Mal havia ele inspirado em Cláudio tais sentimentos e
voltado para casa, vieram dizer-lhe que o senado o estava convidando a tomar
assento na companhia deles. Agripa perfumou a cabeça, para fazer pensar que
saíra da mesa, e, fingindo nada saber do que se passava, perguntou, ao chegar,
o que havia acontecido com Cláudio. Contaram-lhe então tudo o que havia
sucedido e rogaram que ele manifestasse a sua opinião sobre o presente estado
das coisas. Ele declarou que estava pronto a dar a vida para manter a dignidade
do senado, mas julgava que eles deviam antes considerar o que lhes seria mais
útil e agradável. Pois, se estavam resolvidos a retomar a soberana autoridade,
precisariam de armas e de soldados, para não sucumbir em tão ingente
empreendimento. Eles responderam que o senado possuía homens e armas, bem como
dinheiro para fazer a guerra, e que poderiam ainda armar uma grande quantidade
de escravos, aos quais dariam a liberdade.

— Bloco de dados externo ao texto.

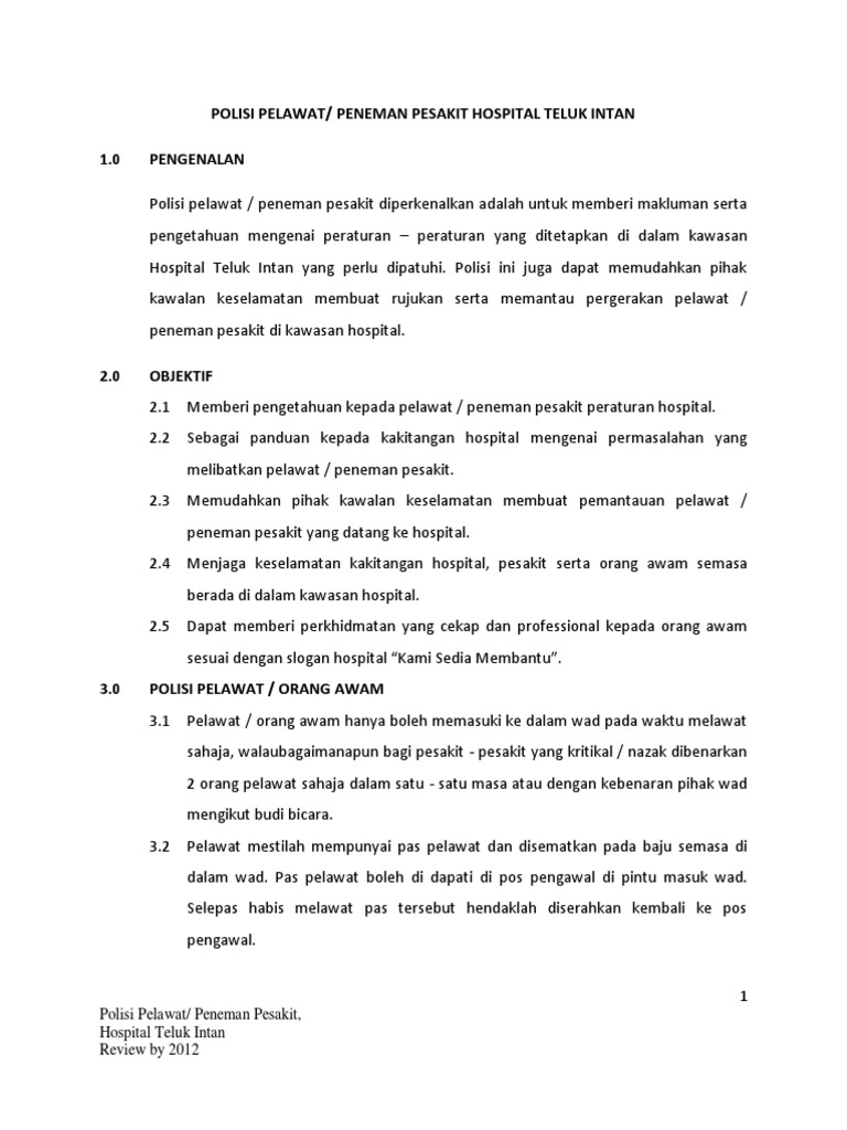 Polisi Pelawat Dan Peneman Pesakit 2014

Agripa replicou: "É meu desejo, senhores, que o vosso
intento se realize, tal como o desejais. Mas o cuidado que tenho pela vossa
preservação me obriga a dizer-vos que vejo uma extrema diferença entre o grande
número de soldados experientes que abraçaram o partido de Cláudio e os escravos
de que falais, porque estes são homens desacostumados à disciplina e que mal
sabem manejar uma espada. Por isso, sou de opinião que entreis em contato com
Cláudio a fim de dissuadi-lo de sua pretensão ao império. E ofereço-me para ir
com os vossos delegados". A proposta foi aprovada, e o príncipe partiu,
acompanhado por alguns senadores. E, depois de uma conversa em particular com
Cláudio a respeito da agitação que reinava no senado, aconselhou-o a falar como
um príncipe que já se julga no trono.
Cláudio respondeu aos delegados que não se admirava de ver
que o senado estava ressentido da monarquia, depois de haverem sido tão
maltratados sob a tirania dos imperadores precedentes, mas que sob o seu
governo eles experimentariam uma dominação moderada que de império teria apenas
o nome, e todas as coisas se orientariam conforme o parecer deles e a aprovação
de todos. A esse respeito não podiam duvidar de sua palavra, pois eles mesmos
eram testemunhas da maneira como ele vivera até ali, sem jamais incorrer num
ato que lhes desse motivo para censura. Após despedir os emissários, discursou
perante os soldados que se haviam unido a ele e obteve deles juramento de
fidelidade. Depois distribuiu a cada um cinco mil dracmas e gratificou os
oficiais na proporção do número de homens que comandavam, prometendo tratar
favoravelmente todas as outras tropas, onde quer que estivessem.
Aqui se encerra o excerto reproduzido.